The Emissary blinked, and nearly laughed aloud. "Rassilon, no, I don't want to go back!"
"Wha-"
"You really think you could've forced me on board?" she asked. "Earth is boring."
"You didn't seem all that bored when Rose and I showed up," he pointed out.
"I thought I was stuck there," she said bluntly. "But you're alive and I was given the option of leaving." She shrugged. "I took it."
"Must not hate me too much then," he snarked.
"Can't really say I ever did," she shot back. "We were best friends, Doctor, you're the one who ended that!" He didn't answer. She sighed. "It was nice, though, when we were stuck in Downing Street."
He looked up sharply. "The entire earth was about to be destroyed," he reminded her.
"I know, but we were so preoccupied with saving the world, and for a while…" she shrugged, trailing off. "We were so busy that it was just like the Academy, just the next crazy adventure you dragged me on."
He made an indignant sound. "I did no such thing!"
The Emissary crossed her arms, smirking. "Ninety percent of the trouble I got in was directly related to you."
"Name one time!"
"When you blew up my dorm room," she deadpanned. "You couldn't even do your weird science in your own room, oh no, because you'd been banned!"
She watched as the Doctor started to laugh. "I remember that!" he cried. "You were so mad at me and you still covered for me!"
"We were best friends," she laughed. "Rassilon knows you drove me nuts sometimes, but I would always cover for you."
The console room got quiet again.
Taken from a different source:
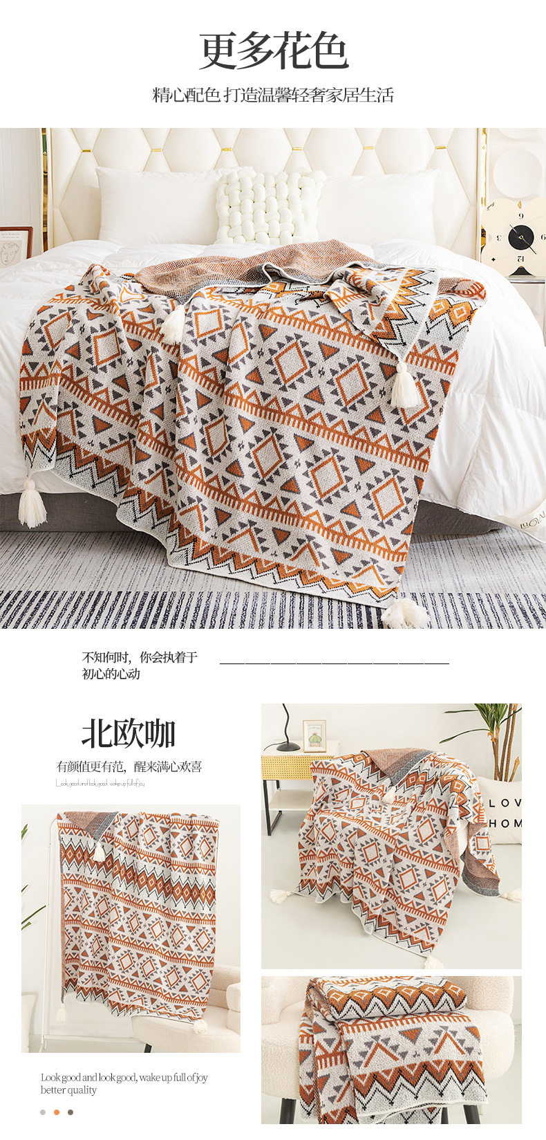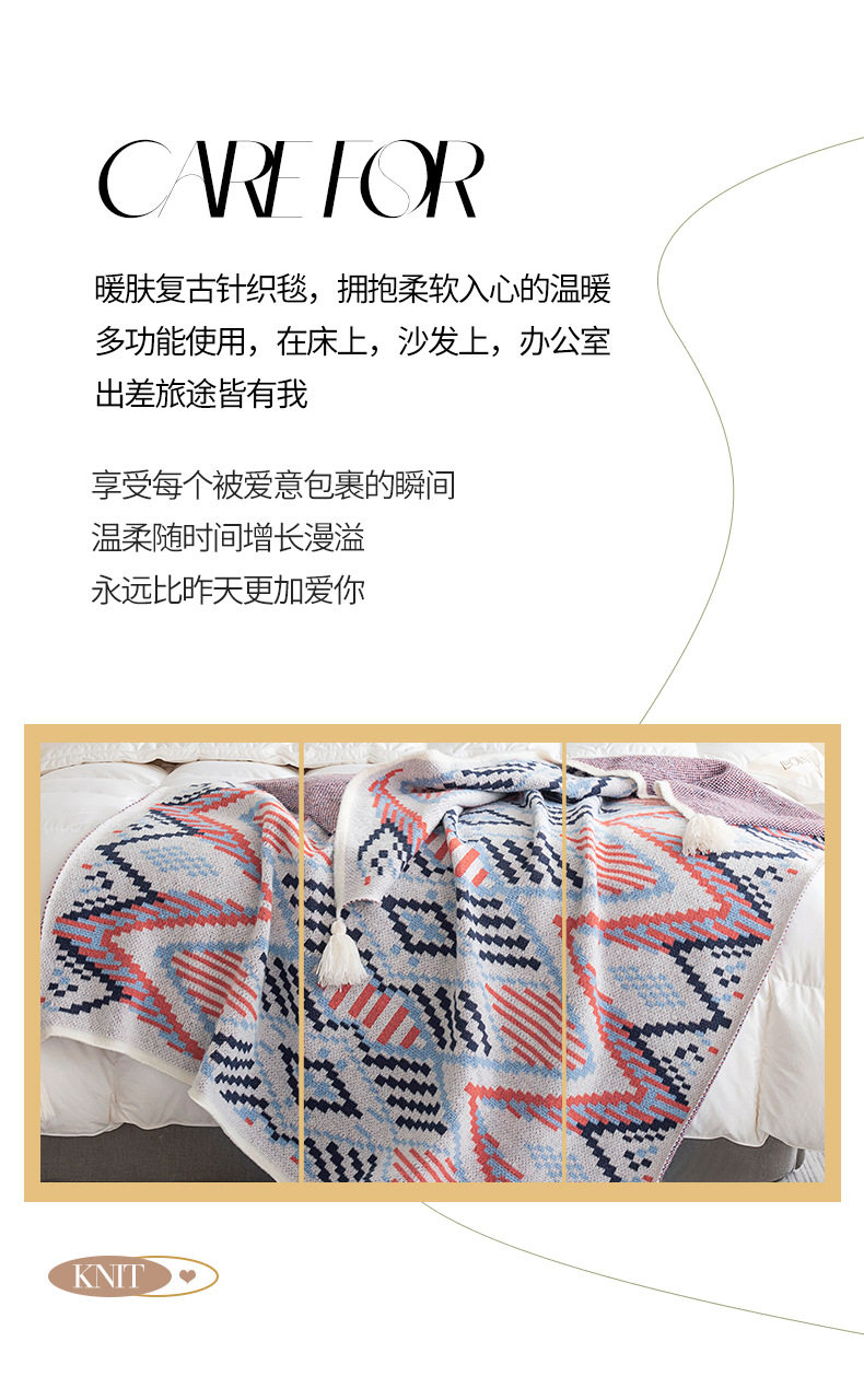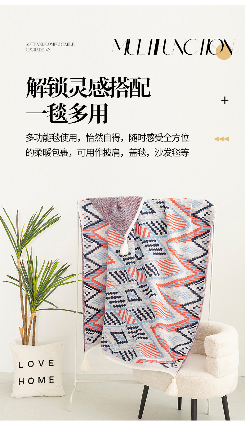 Cross-Border Bohemian Retro Tassel Knitted Blanket Nap Air-Conditioned Blanket Warm Sofa Office Blanket

For awhile, the Emissary just sat and watched the Doctor work. Finally, she stood and began to make her way out.
As she reached the hallway, she paused and turned back. "Ok," she said. The Doctor looked up at her. "It's been centuries, and neither one of us fully trusts the other. I get it." She sighed, offering him a smile. "But we can be civil, yeah? Rose deserves better than us bickering. I'm not saying that we have to be best friends again, but we can be civil?"
He nodded. "Civil. Yeah, we can do that."
Smiling, the Emissary headed off to bed, leaving the Doctor standing over the console, staring at nothing.